Here’s #73-75 Chrystie at Hester in 1940. This building exists today though in somewhat streamlined fashion. Barry Stolper Opticians occupied the ground floor; today it’s Kung Fu Tea. At left we see the 3rd Avenue El on the Bowery, which would be there until 1955.
I should mention that today Chrystie Street’s house numbering begins at #47, just north of Canal. That’s because it used to extend south to Division Street before both streets were truncated by the construction of the Manhattan Bridge in the 19-oughts. Division Street is fascinating, as it was much longer in the past and even had an elevated train clattering along it before it was severely cut back by a number of projects in the 1900s. It’s all here.
There isn’t much unusual infrastructure along Chrystie but I did find this at Hester, a pair of lampposts. The older one is on the right and was there before Chrystie Street had its eastern traffic lane awarded to bicycles. Its fire alarm indicator lamp is still in place, but not its streetlight.
Designing parking garages that are at least not ugly has been a challenge for architects, probably the world over. Here’s one at #89 Chrystie that retains its original chieseled sign above the door.
There are a number of “they don’t build ’em like this anymore” moments on both Chrystie Street and 2nd Avenue and 101 Chrystie, also known as 253 Grand, is one. Until I pointed my camera at it, I didn’t know the building had a cartouche with the date of construction and the initials LB, which stand either for the developer, owner or architect. Not only that, I was completely unaware of the carven address 253 Grand, which is hiding behond the street signs, which I captured to show contrast.
Believe it or not here we are looking at an entrance to one of the newest stations in the NYC subways, and it opened in 1967(!) when a connection from the 6th Avenue Line (today serving the B and D lines here) to the Manhattan Bridge was built, known of course as the Chrystie Street Connection. At the same time the 6th Avenue Line was connected to the Broadway (Brooklyn) Elevated, which permits today’s M trains to go from 6th Avenue across the Williamsburg Bridge to Brooklyn. (Andy Sparberg! Am I right?–Comments)
Here we see the former MTA logo, the two-tone blue M, which was supplanted in the 1990s by the “Doppler” MTA symbol.
Totally bombed: Street art covers this building at Broome and Chrystie.
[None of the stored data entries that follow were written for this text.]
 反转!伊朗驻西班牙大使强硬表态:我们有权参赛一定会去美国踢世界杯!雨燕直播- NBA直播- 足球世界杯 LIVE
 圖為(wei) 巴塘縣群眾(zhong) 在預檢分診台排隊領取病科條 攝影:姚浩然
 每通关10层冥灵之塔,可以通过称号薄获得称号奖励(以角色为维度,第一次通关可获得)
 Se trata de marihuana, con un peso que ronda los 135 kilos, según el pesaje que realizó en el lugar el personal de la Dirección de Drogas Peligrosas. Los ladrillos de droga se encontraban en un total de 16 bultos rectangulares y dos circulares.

To me, once you’ve seen Eduardo Kobra’s stuff, no street murals can really compare.
On the opposite side of Broome is an inadvertent comparison between the residential architecture of 1900 vs that of 2022. Perhaps a lack of soul with the one on the right, or a case of putting more money into interiors than exteriors…
The contrast between old and new is never greater than on the stretch of Chrystie between Broome and Rivington, spanning Delancey. I will say that the stylistic difference between residences and office towers is getting narrower and narrower all the time.
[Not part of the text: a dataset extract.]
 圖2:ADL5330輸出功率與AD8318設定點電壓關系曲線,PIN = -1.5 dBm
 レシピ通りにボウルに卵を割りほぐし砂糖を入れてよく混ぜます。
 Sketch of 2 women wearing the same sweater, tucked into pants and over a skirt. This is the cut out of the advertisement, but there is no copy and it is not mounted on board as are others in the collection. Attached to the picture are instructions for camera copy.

#195-199 Christie, included here, has a grim history. The property once served as the city’s second African Burial Ground, after the first one in the Civic Center was closed and desecrated with development. This cemetery received burials from 1795 until 1853. Most of the remains were reinterred at Cypress Hills Cemetery in Brooklyn, which hosts relocated graves from a few other small cemeteries that were decommissioned in favor of urban growth.
Street art acts as a palliative factor against the bland new buildings, and shows that robots have not yet assumed control.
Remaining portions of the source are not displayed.